● **The task**
Extract precisely the lines that run from the line containing "Torvnäs förskola i" to the end of the records below, with both ends included and pictures omitted.

Supplied data below:

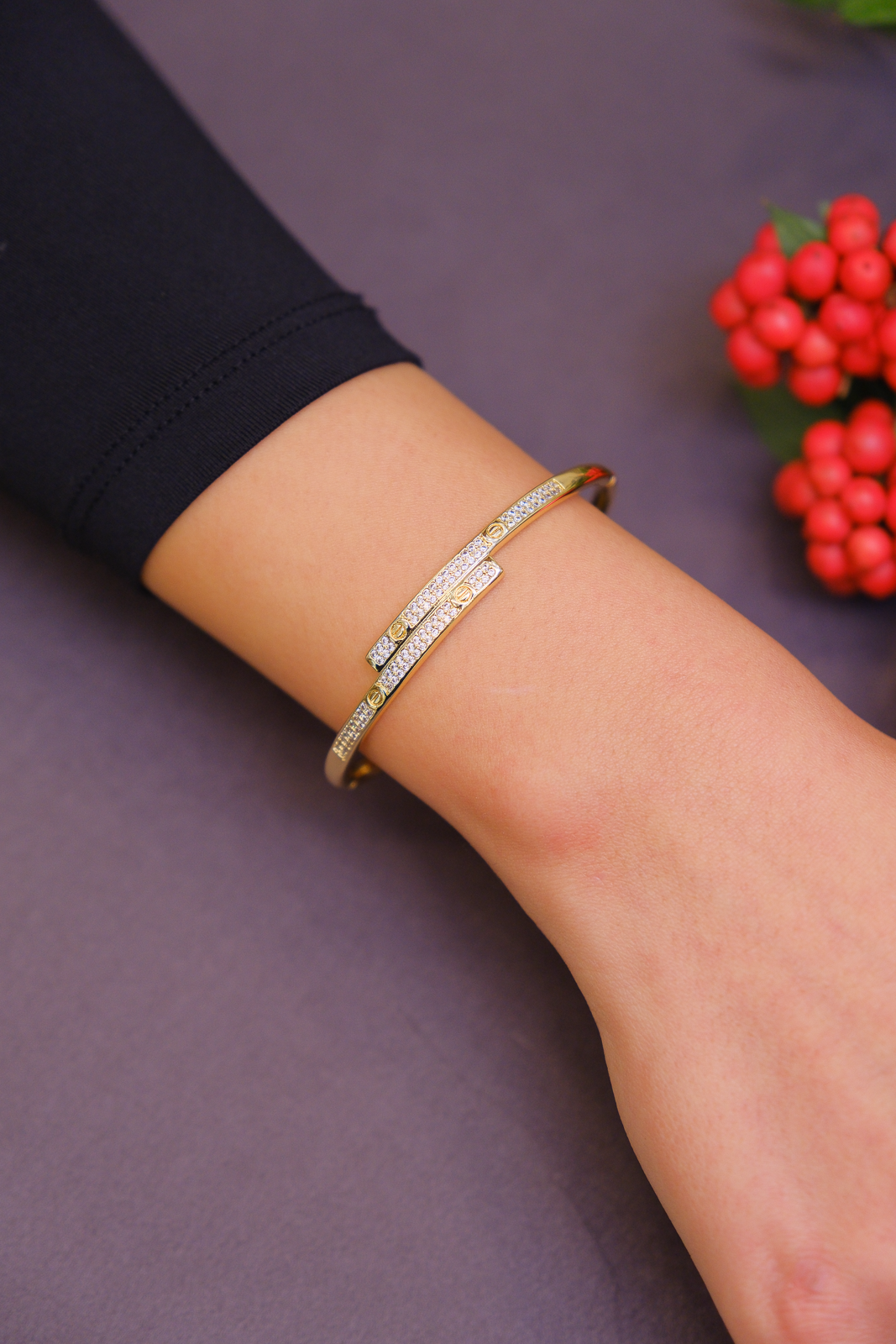 Paralel ilerleyen çift hat formu ve ince taş detaylarıyla modern ve dengeli bir görünüm sunar. Simetrik tasarımı bilekte zarif bir duruş oluştururken, sade ama dikkat çekici yapısıyla günlük ve şık kombinlere kolayca uyum sağlar. Tek başına güçlü bir stil sunar, diğer kelepçelerle birlikte kullanıldığında modern bir bütünlük oluşturur.
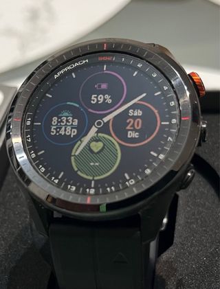 Reloj GPS Garmin Approach S62 para golf. Diseñado para ofrecer datos precisos en el campo. Con su caja original, cable original y correa negra original sin estrenar. - Pantalla a color. - Diseño elegante y deportivo. - Correa cómoda para uso prolongado. La correa está sin estrenar, porque he usado otra correa. Buen regalo de Navidad.
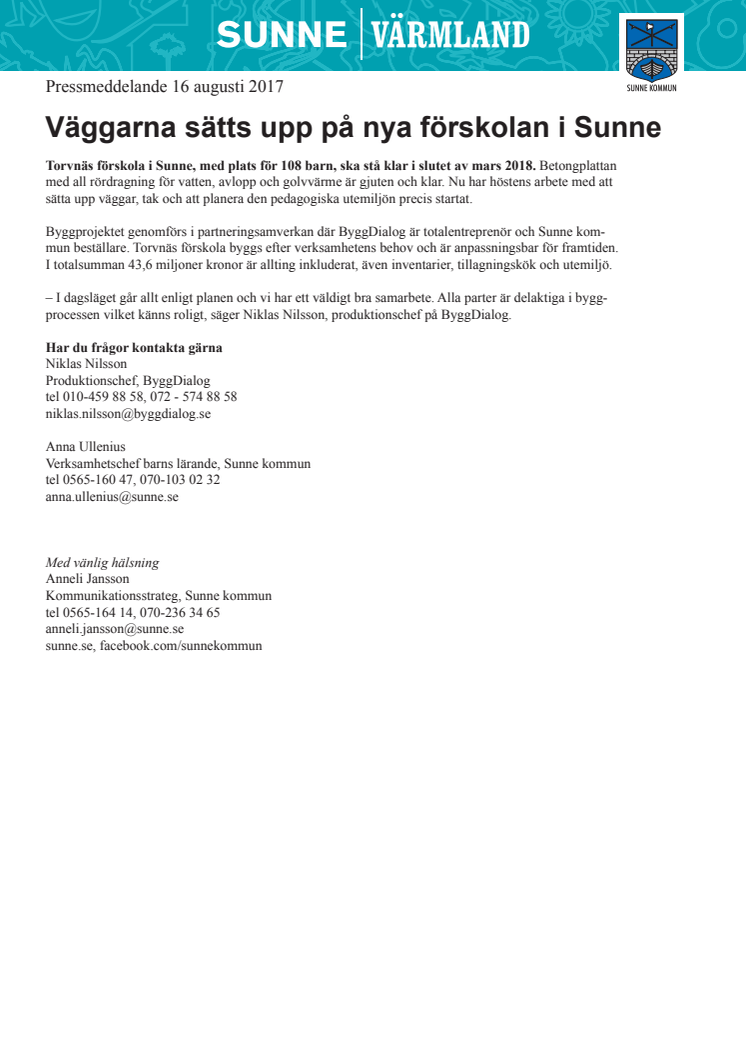 Torvnäs förskola i Sunne, med plats för 108 barn, ska stå klar i slutet av mars 2018. Betongplattan med all rördragning för vatten, avlopp och golvvärme är gjuten och klar. Nu har höstens arbete med att sätta upp väggar, tak och att planera den pedagogiska utemiljön precis startat.
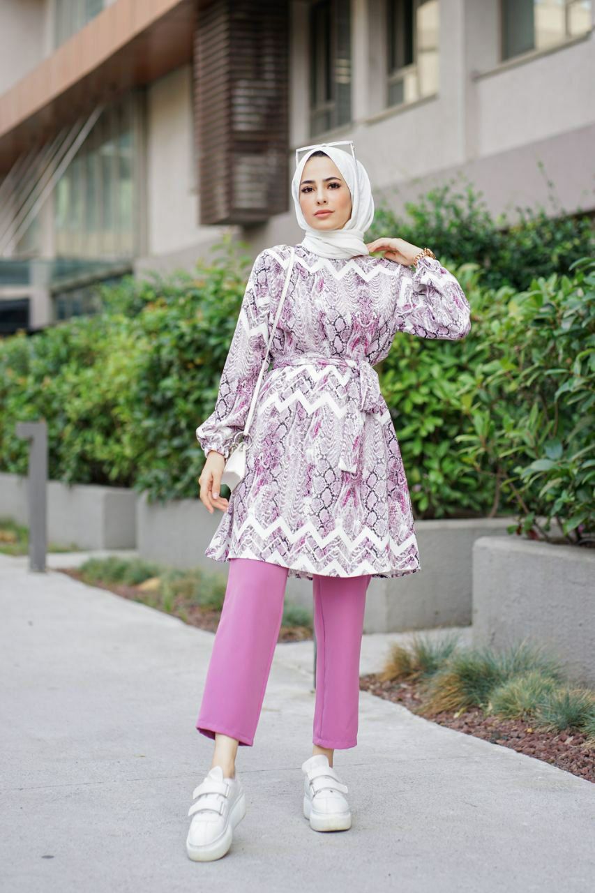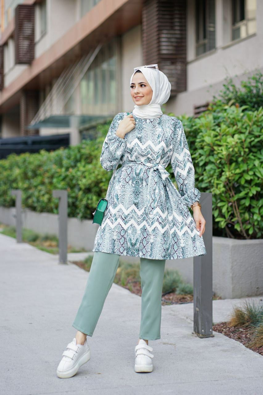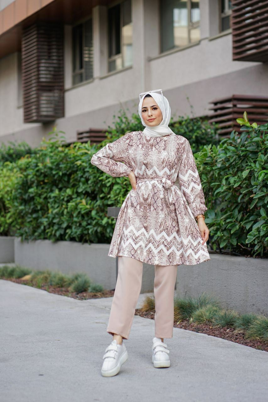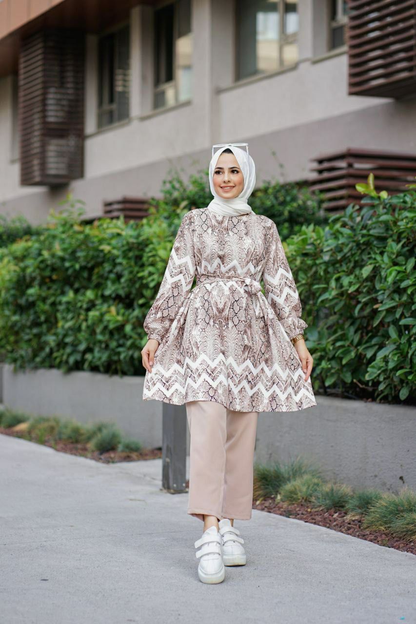 Yeni sezon Rahatlığıyla gönlünüzü feth edecek vücuda yapışmaz terletmez belindenden kuşaklı dijital baskı tunik takım 🙊
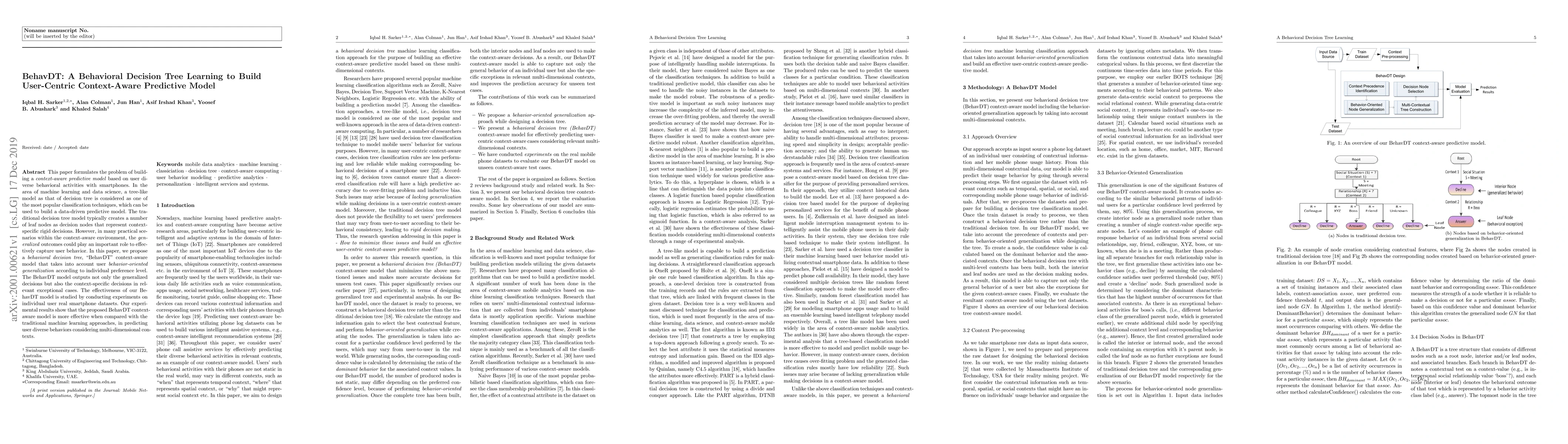 This paper proposes BehavDT, a behavioral decision tree model for building context-aware predictive models based on user smartphone activities. Unlike traditional decision trees, BehavDT incorporates user behavior-oriented generalization to avoid overfitting and effectively capture diverse user behaviors in context-aware environments. Experimental results show that BehavDT outperforms traditional methods in predicting user behaviors across multiple contexts.
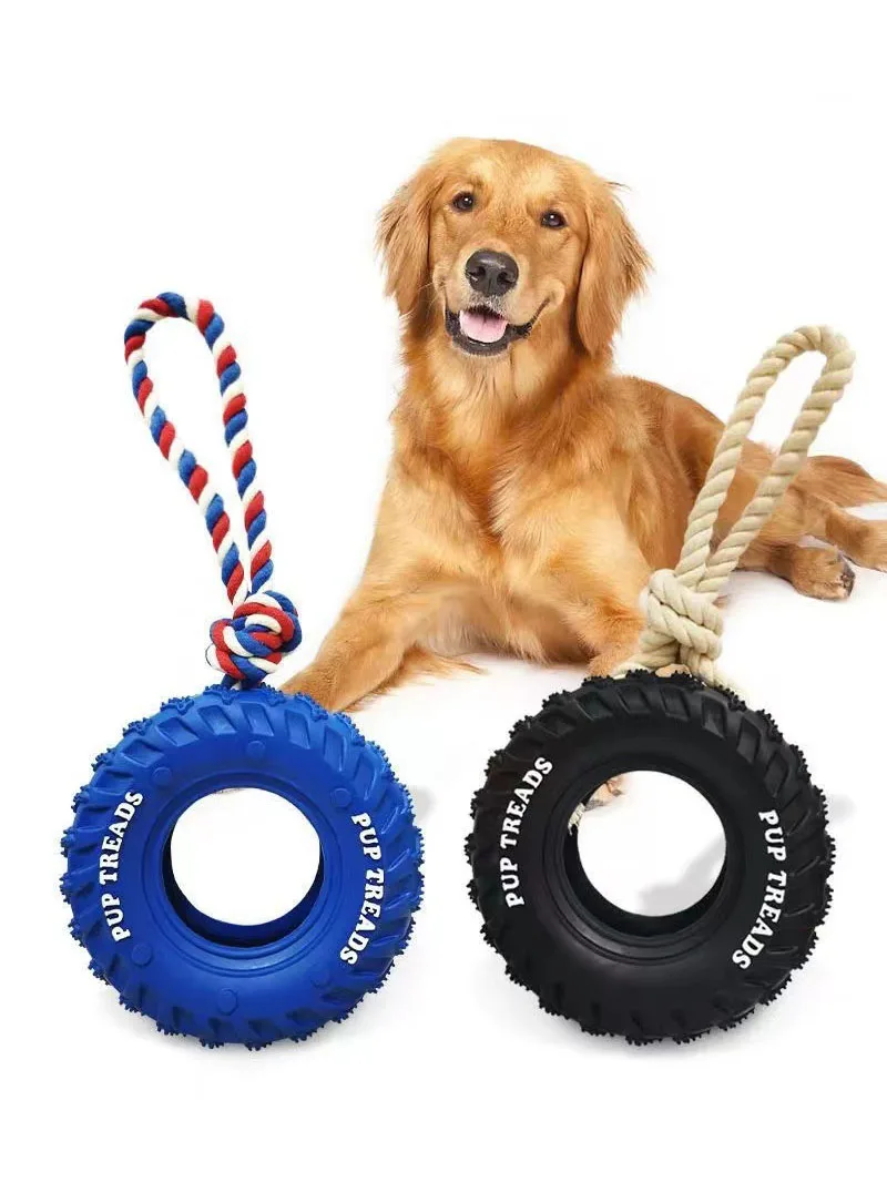 Neumáticos de goma resistentes a las mordeduras para perros, juguetes interactivos de entrenamiento para rechinar los dientes, juguetes para perros grandes, 2 tipos

End of Supplied data.

● **Final answer**
 Torvnäs förskola i Sunne, med plats för 108 barn, ska stå klar i slutet av mars 2018. Betongplattan med all rördragning för vatten, avlopp och golvvärme är gjuten och klar. Nu har höstens arbete med att sätta upp väggar, tak och att planera den pedagogiska utemiljön precis startat.
 Yeni sezon Rahatlığıyla gönlünüzü feth edecek vücuda yapışmaz terletmez belindenden kuşaklı dijital baskı tunik takım 🙊
 This paper proposes BehavDT, a behavioral decision tree model for building context-aware predictive models based on user smartphone activities. Unlike traditional decision trees, BehavDT incorporates user behavior-oriented generalization to avoid overfitting and effectively capture diverse user behaviors in context-aware environments. Experimental results show that BehavDT outperforms traditional methods in predicting user behaviors across multiple contexts.
 Neumáticos de goma resistentes a las mordeduras para perros, juguetes interactivos de entrenamiento para rechinar los dientes, juguetes para perros grandes, 2 tipos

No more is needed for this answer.